Reviewer 3 Report (New Reviewer)

Comments and Suggestions for Authors

Manuscript can be accepted for publication

This manuscript is a resubmission of an earlier submission. The following is a list of the peer review reports and author responses from that submission.

Round 1

Reviewer 1 Report

Comments and Suggestions for Authors

Authors have selected betalactamase based antibiotics and predicted them as a potential threat for future apart from having drug resistant superbugs. However, the prudent use of antibiotics is necessary while the excessive use is creating a havoc and threat for future living beings.

The manuscript entitled "Are new beta-lactamases posing a potential future threat?" sounds a good contribution but there are still some concerns need to be addressed which are mentioned below:

1. How did the authors addressed the biases having a great potential during the genome selection as the data is representing the isolates from the public databases?

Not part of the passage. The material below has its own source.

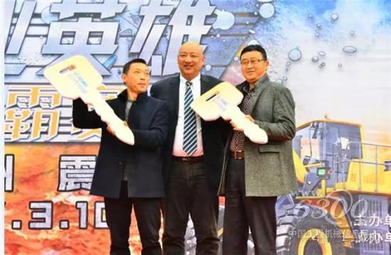 在3月10日中國好鏟車“鏟業(yè)英雄”爭霸賽現(xiàn)場,秦部長(左一)代表萬州港接到徐工裝載機(jī)金鑰匙,徐工與萬州港的合作更進(jìn)一步

2. The conserved motifs mentioned in the manuscript suggests functionality which is a good idea but what are the thresholds of the sequences divergence would make a non-functional beta-lactamase?

3. Did the authors identified plasmids related to beta-lactamase genes?

4. How does the resistance gene proximity influence the mobility potential of the enzymes related to resistance genes?

5. How the findings suggested by the authors would fit existing AMR monitoring system?

6. Could the environmentally existing beta-lactamases poses direct impact on human health or they need any transmission medium to impact?

7. Any beta-lactamases inhibitors were tested in-silico against candidate enzymes to check the cross-resistance?

8. How AI could be applicable to predict emerging resistance to non-beta-lactamase based antibiotics? What models does the authors suggested it can be modified?

Reviewer 2 Report

Comments and Suggestions for Authors

Comments and Suggestions for the Authors

 

The article, ‘Are new beta-lactamases posing a potential future threat?' presents an average reading experience. The study is too generic; statements are completely based on predictions and predictions could be biased towards algorithms used. In my opinion authors didn’t find ‘new’ enzymes, as they claimed in the title, rather, they found ‘putative’ enzymes with potential beta-lactamases activity. Authors have emphasized that ‘urgent need for global surveillance’, which is already in place under the umbrella of WHO. Are the authors trying to suggest something else that have been missed by world organizations, and which is not already in effect? If so, authors should clarify and try establishing the facts firmly citing points from their study. In my opinion, at current state, the article is not unique/novel and cannot be considered for publishing as ‘priority’.

 

The following are my comments and suggestions to improve the quality of the manuscript,

• The title should mention the term ‘putative’ as the whole study is based on predictions, no hard evidence.
• Abstract is okay.
• Line 29 in Abstract and line 303 in conclusion; what did the authors mean by ‘One Health’? Need clarification.
• Key words are okay.
• Authors should explain what they have meant by ‘361 beta-lactamase types’ and where in Beta-Lactamase DataBase (BLDB) that has been mentioned?
• Figure 1. What does ‘X’ marks represent? Figure legends should be standing alone explanation what the figure is about. Nothing is comprehensible from the figure in current stage. Re-write figure legend.
• Table S1. Why are some of the rows highlighted?
• In my opinion, Figure 2 doesn’t have the merit to be in the main text, can be moved as a Supplementary image.
• Figure 3, nothing is legible in phylogenetic trees. Each tree should be big enough to be legible. Authors could consider submitting each of them as separate image files.
• References are okay.

Reviewer 3 Report

Comments and Suggestions for Authors

Dear Authors,

This is a well studied insilico study of candidate β-lactamase genes. However, it lacks experimental validation limits its suitability for this journal. The work may be better suited to a bioinformatics or microbial genomics–focused journal.